First you don't necessarily have to do anything. The SWR is below 3 for the bands and most transceivers can handle that OK.

If you want to try to get the resonate points inside the bands you will need to lengthen the wire. it is usually a good idea to start with too much wire and trim the length to bring the resonance down, but in your case it look like the wire is too short.

Ideally solder additional wire on the end and cover it heat shrink, then cover that with water proofing sealant. However you could get very similar results with a simple crimp splice or even just mechanically connecting the wire. If you don't provide some protection from the elements the connect will eventually corrode.

In theory you should be able to calculate the exact length of wire you need.
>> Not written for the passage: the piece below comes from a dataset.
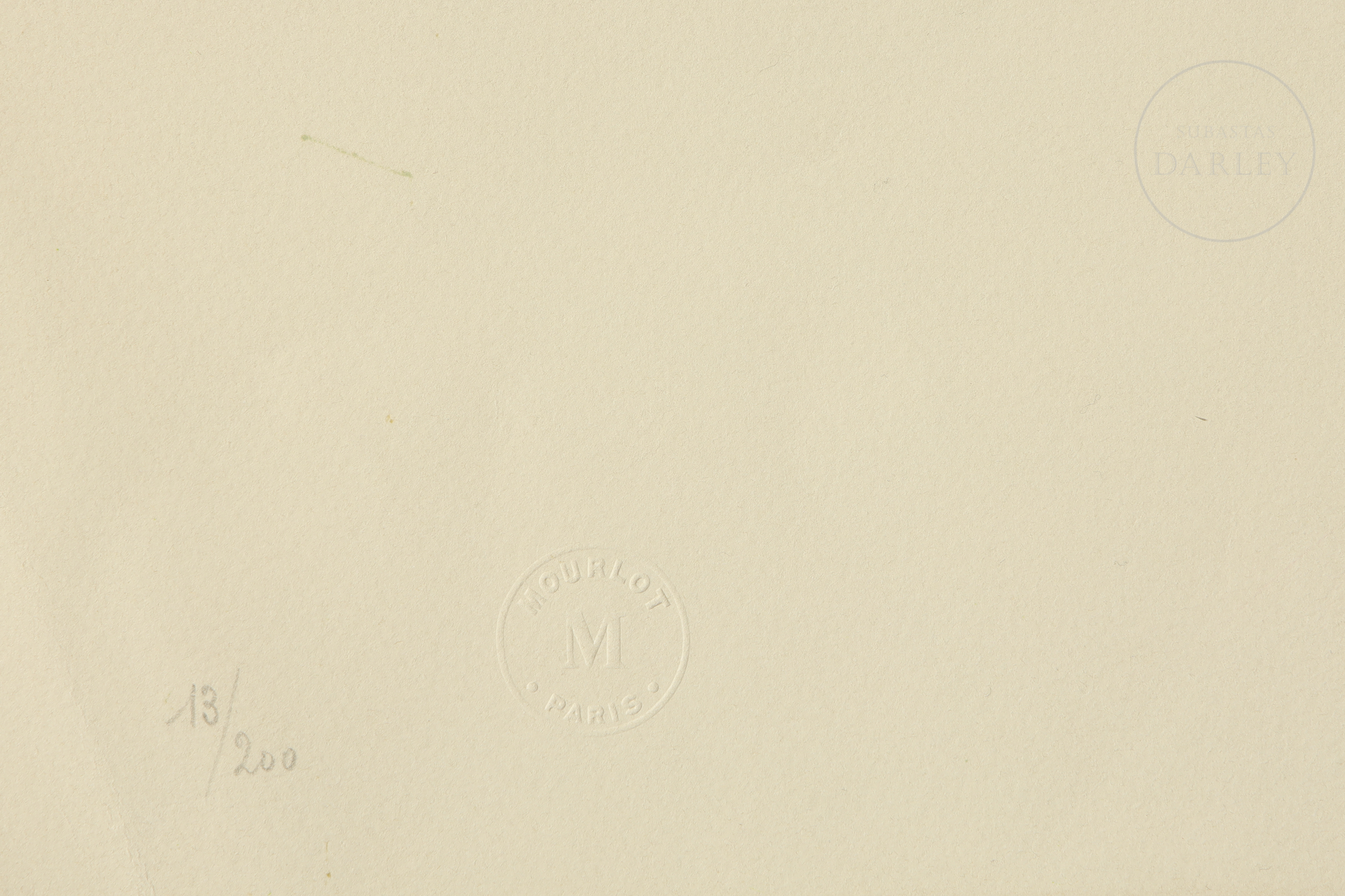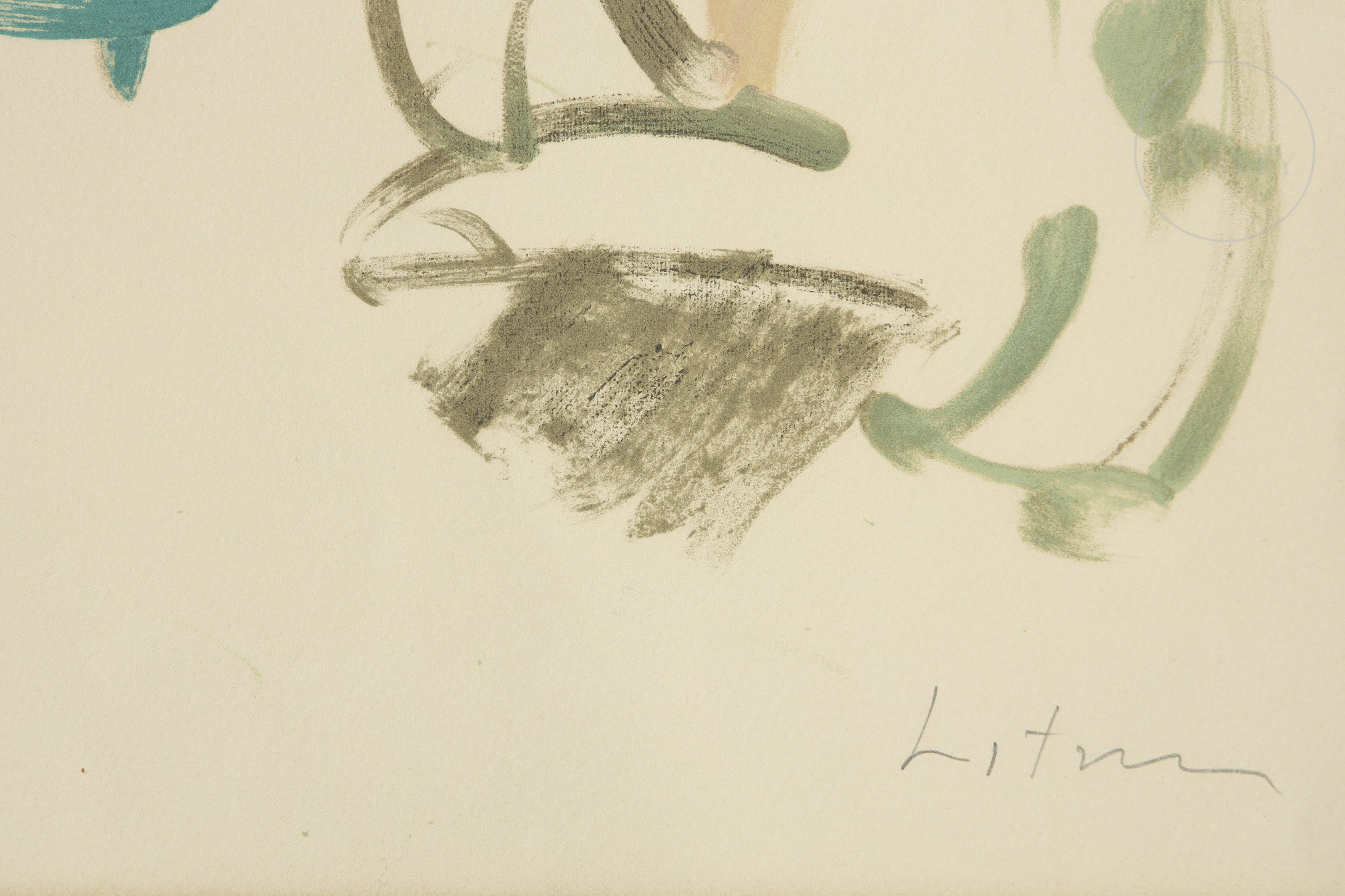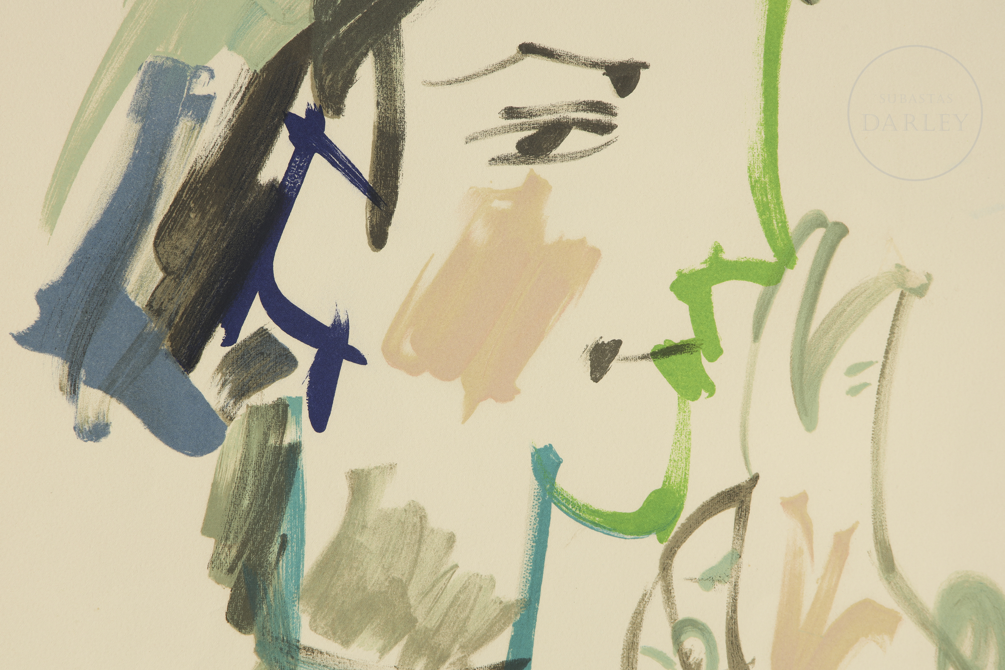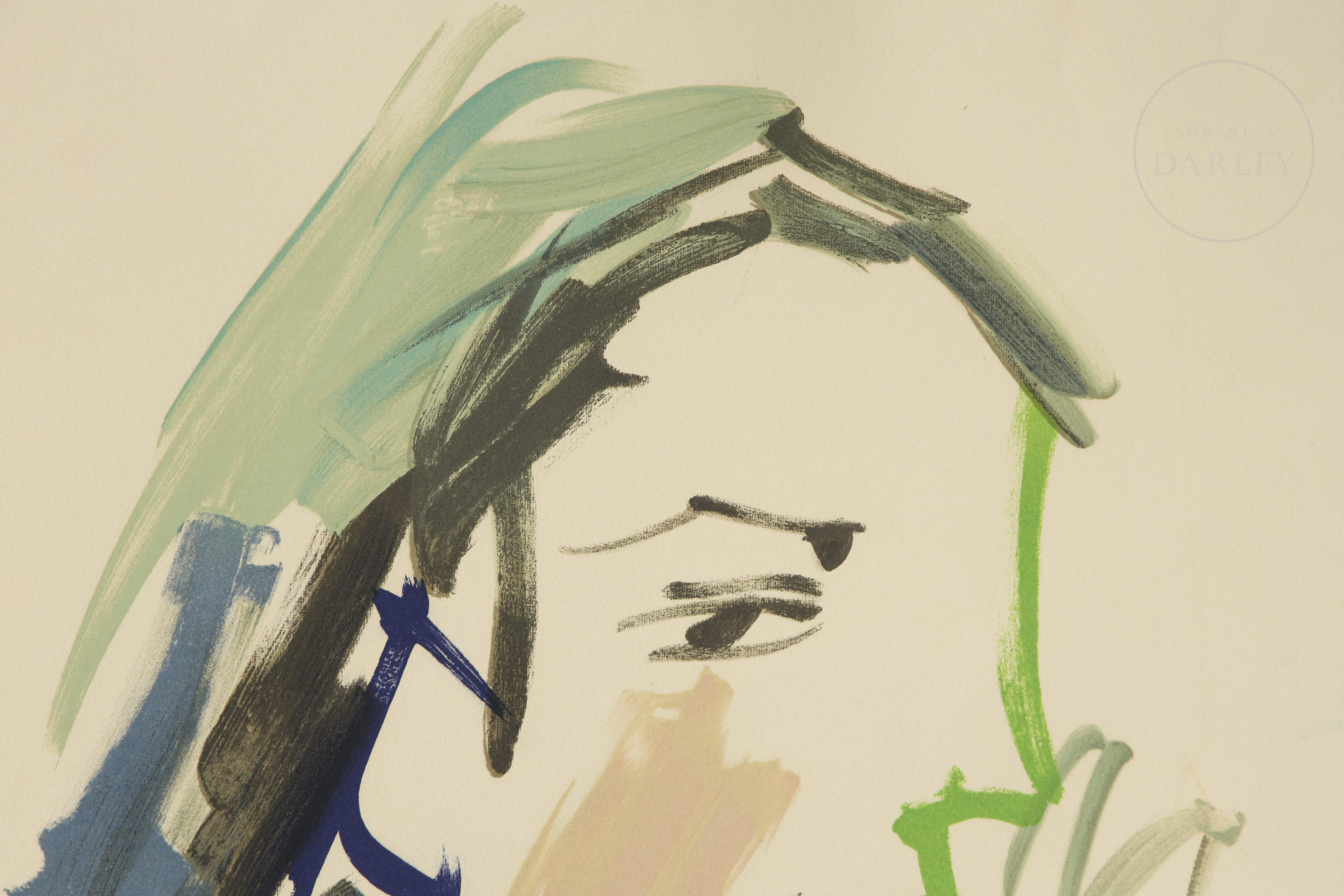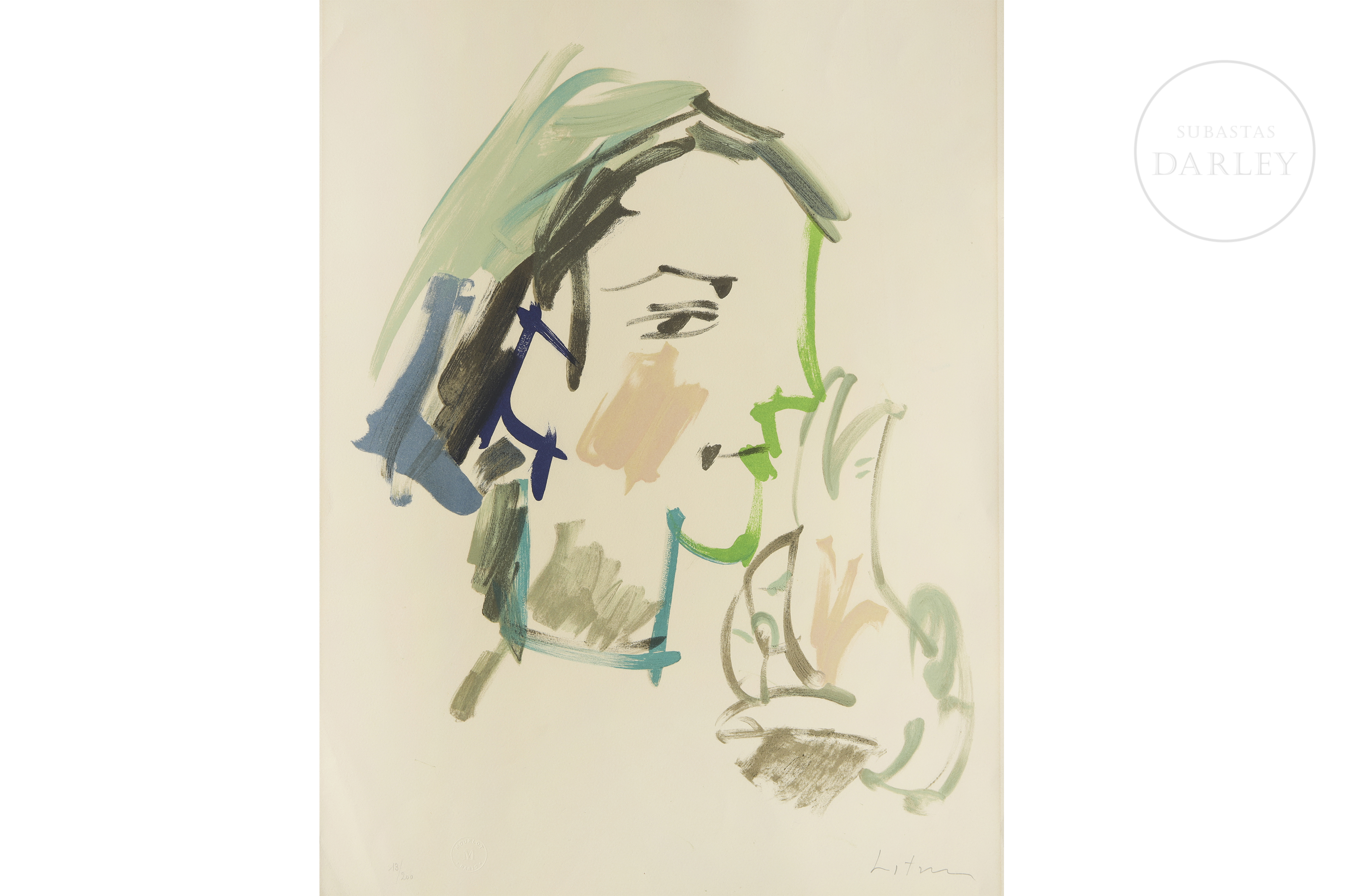 Lithograph on paper. Modern composition depicting a woman's face in profile, rendered using expressionist strokes and flat areas of colour. Signed ‘Litvinovsky’ in the lower right corner. Numbered 13/200 in the lower left corner next to the dry stamp ‘MOURLOT PARIS’.

In practice it is difficult to account for all of the factors. Everyone I know of doing wire antennas makes them long and trims them as need to get the resonance.

Currently the antenna is resonate at about 7.7 Mhz. You would like it to be resonate at 7.1 Mhz. Take the old resonate frequency divided by the new resonate frequency and multiply by the original length, (7.7/7.1)*65 = 70.5 or so. The result is about 70.5 feet which would have you adding 5.5 feet to the existing antenna.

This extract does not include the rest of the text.